= United States House Appropriations Select Intelligence Oversight Panel =

The United States House Appropriations Select Intelligence Oversight Panel was a select subcommittee of the House Committee on Appropriations. Established on January 9, 2007 pursuant to , as part of efforts to implement the recommendations of the 9/11 Commission, it was eliminated in the rules adopted by the 112th Congress.

==History==

The 9/11 Commission in the 9/11 Commission Report recommended a reorganization of the U.S. intelligence community, including its budget and appropriations, which are Classified information. Currently, the House Committee on Appropriations and its Defense Appropriations Subcommittee have jurisdiction over intelligence funding, and the House Permanent Select Committee on Intelligence has jurisdiction over authorization of that funding. The 9/11 Commission urged the creation of smaller committees responsible for both authorization and appropriation of intelligence funding, thereby limiting the number of lawmakers involved in the process and improving oversight. So far, the House Appropriations Committee has been reluctant to give up its long-standing prerogatives related to the appropriations process to separate committee. The Defense Subcommittee already has jurisdiction over military intelligence spending, and is reluctant to give up jurisdiction over the entire intelligence budget.

This is further complicated by the classified nature of intelligence funding. Currently, appropriations are authorized through a classified appendix or annex to the annual defense appropriations bill and the specific numbers are not released. The 9/11 Commission urged the public release of the overall funding amounts, while keeping specific agency funding secret. The current administration opposes the release of this information, citing concerns that the release of such information, even on a broad basis, could benefit America’s enemies. However, specific funding for military intelligence budget is already public released, so the commission saw no reason to continue keeping the remainder of the intelligence budget secret. Also, many in Congress are concerns that creating a stand-alone committee responsible for the appropriations while keeping them classified would further complicate the open, public operations of Congress.

==Jurisdiction==

As a compromise, the House developed the select panel as a “hybrid” committee made up of Appropriations committee and intelligence committee members. stipulated that the 13-member panel shall include 10 House Appropriations Committee members, including the Chairmen and Ranking Members of the full committee and the Defense Appropriations Subcommittee. Three members are to come from the Permanent Select Committee on Intelligence. Intelligence committee members who serve on the panel are not members of the full appropriations committee, but are considered as such purposes of the select panel’s activities. The Speaker of the House makes all appointments to the select panel and selects its Chairman and Ranking Member.

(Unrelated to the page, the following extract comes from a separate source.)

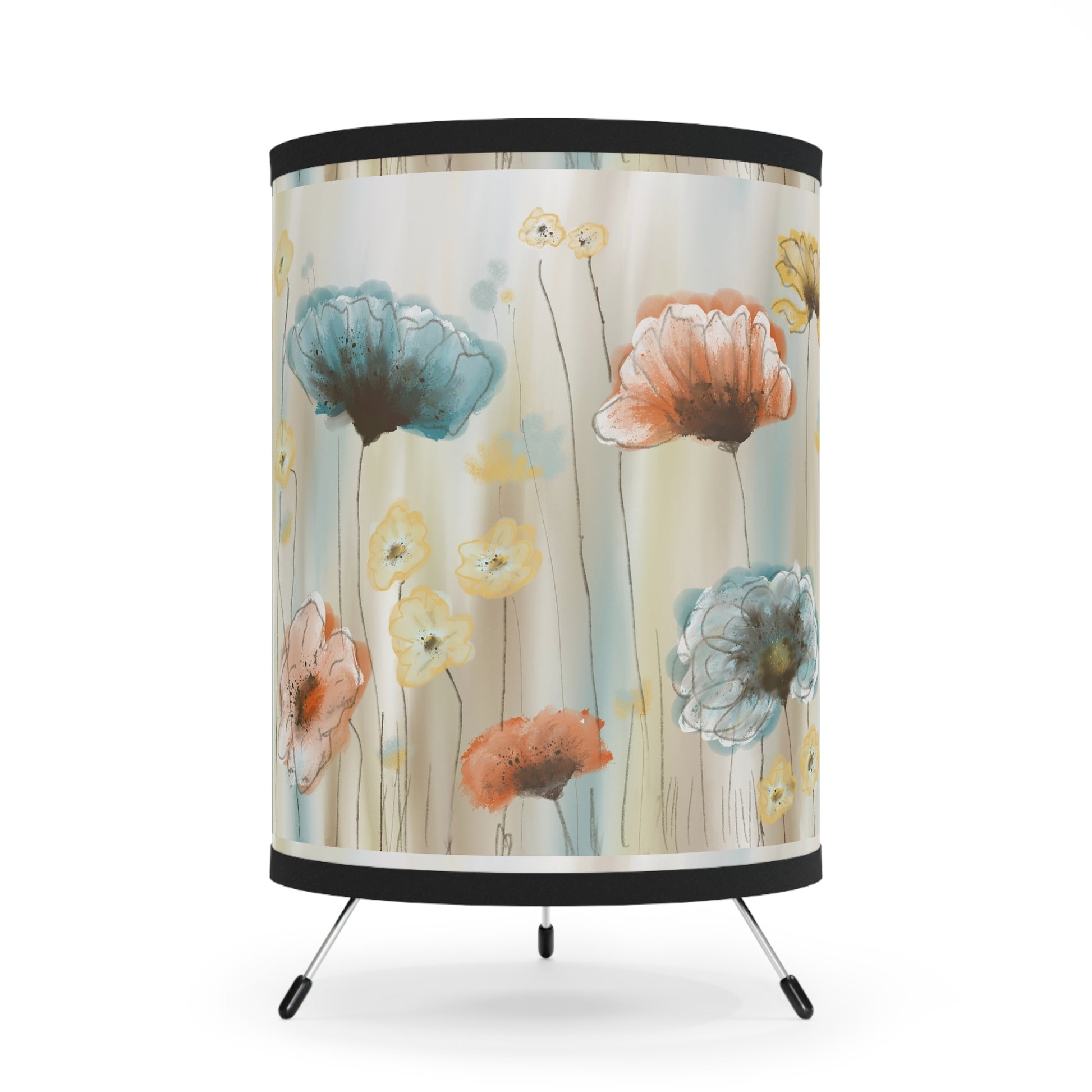 Soft, painterly blooms wrap this tripod lamp in a gentle, cottage-core glow. The high-resolution printed polyester shade shows watercolor poppies in muted corals, soft teals, and buttery yellows that diffuse light into a warm, calming wash. On its slim galvanized steel tripod, the lamp reads as both art and ambient lighting — a cozy anchor on a bedside table, a reading nook companion, or a quiet accent for a sunlit corner. The fabric trim and 360° print keep the design vivid from every angle, while the Type A plug and common bulb compatibility make it simple to set up and start enjoying the mood it creates.

The select panel has the same powers as any other Congressional committee or subcommittee of the House. It is able to conduct hearings, receive testimony, or any other duties normally conducted by a committee, except it lacks the ability to issue subpoenas or otherwise require the attendance and testimony of witnesses. Its primary purpose will be to review and study budget requests for intelligence activities, and make recommendations to the committee on appropriations and its subcommittees as appropriate. It will also prepare a report for the Defense Subcommittee containing recommendations on funding, which the Defense Subcommittee would use in developing the classified portion of the Defense appropriations bill.

==Past members, 111th Congress==

| Majority | Minority |
|---|---|
| Rush Holt, Chairman, New Jersey*; Dave Obey, Wisconsin; Norm Dicks, Washington; Silvestre Reyes, Texas*; Nita Lowey, New York; Adam Schiff, California; Steve Israel, New York; Debbie Wasserman Schultz, Florida; | Ken Calvert, Ranking Member, California; Jerry Lewis, California; Bill Young, Florida; Pete Hoekstra, Michigan*; Rodney Frelinghuysen, New Jersey; |

- Denotes members of the select panel appointed from the House Intelligence Committee. These members are not members of the full House Appropriations Committee

==Intelligence Appropriations in the Senate==
The U.S. Senate has no comparable subcommittee or panel on intelligence appropriations. of the 108th Congress called for the creation of a “Senate Appropriations Subcommittee on Intelligence,” but those efforts stalled citing many of the same concerns over competing jurisdictions between the Senate Select Committee on Intelligence and the Senate Appropriations Committee, and the classified nature of the intelligence budget. The Senate is currently considering , the Fiscal Year 2007 Intelligence Authorization Act, which would permit the public release of overall budget amounts for the intelligence funding, but is silent on the creation of a stand-alone intelligence appropriations subcommittee.